The bill garnered intense criticism from labor advocates, who called it a human rights violation. But a federal standard would set a baseline for working conditions that states cannot erode. 

“This needs to be a warning to all those states like Texas, that are looking to cut protections, that this is not allowed,” Garcia said.

The forthcoming federal heat standard follows in the footsteps of similar legislation in California, Minnesota, and Washington—the only three states in the country with permanent heat standards, all of which fall short of protecting all at-risk workers in some way. 

California, for example, adopted the country’s first set of worker protections from heat stress in 2005, requiring employers to provide workers with access to at least one quart of filtered drinking water per hour, shade when experiencing heat illness, and training around heat-related risk factors.
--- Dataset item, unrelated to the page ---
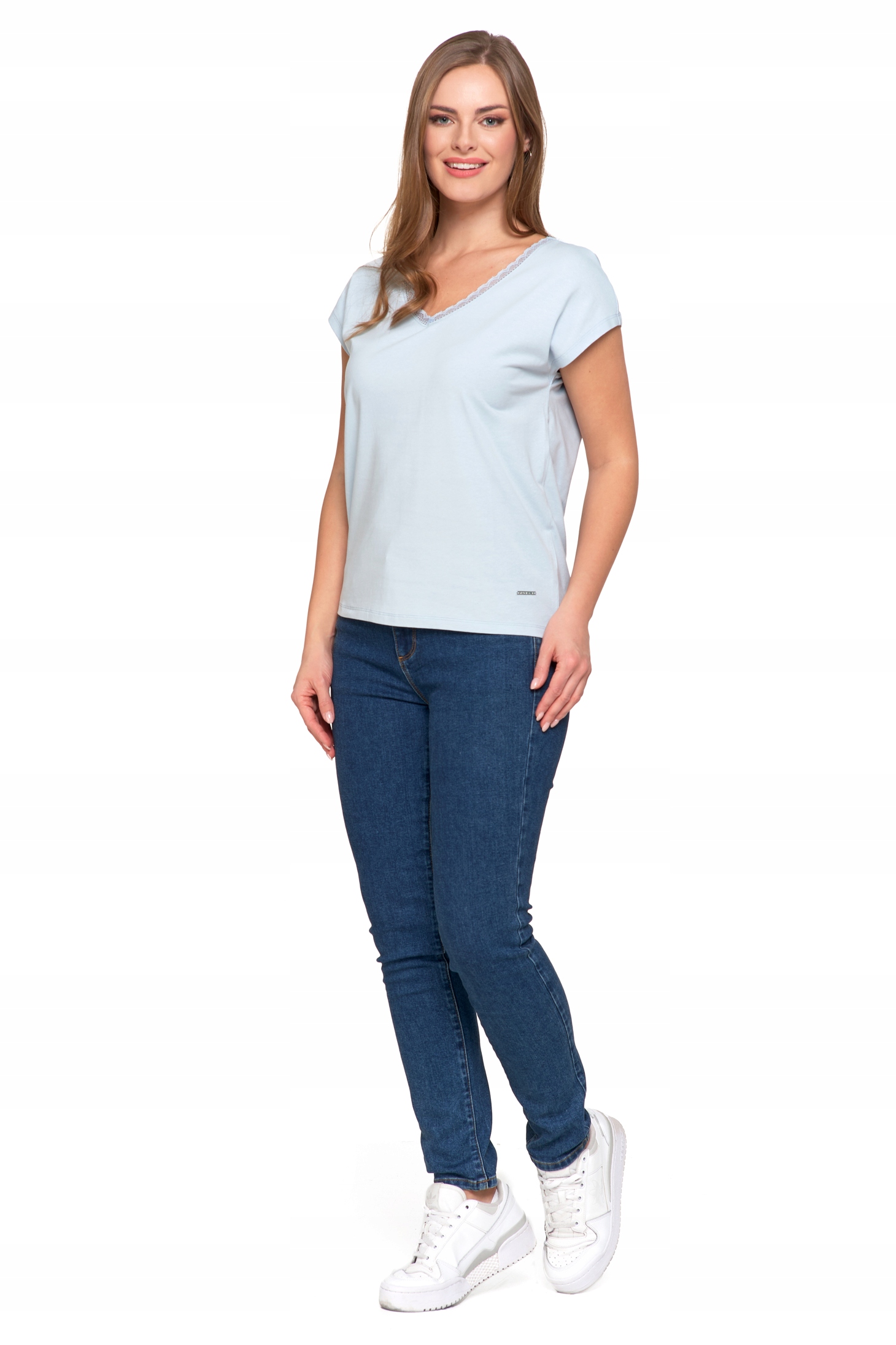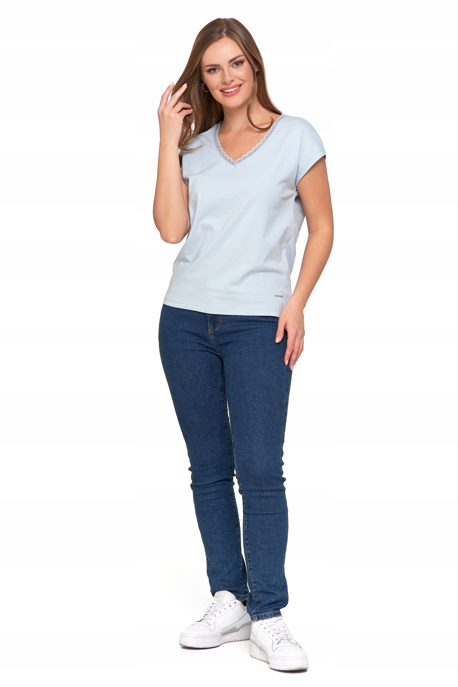 Bluzka Damska Koronkowy Dekolt T-Shirt z krótkim rękawem Koszulka MORAJ

Albeit groundbreaking at the time, the legislation only covers outdoor workers, and has recently garnered criticism for being ineffective as California’s Division of Occupational Safety and Health (Cal/OSHA) struggles to fund inspections. 

Likewise, Washington’s permanent heat rule only applies to outdoor workers for part of the year; Minnesota’s legislation, for its part, only covers indoor workers. 

The federal standard, however, would fill these gaps—and bolster an ongoing conversation about adapting to the threat of the climate crisis, Constible believes. 

“Heat is an under-appreciated threat to our health,” she said. “We need to get serious about protecting ourselves.”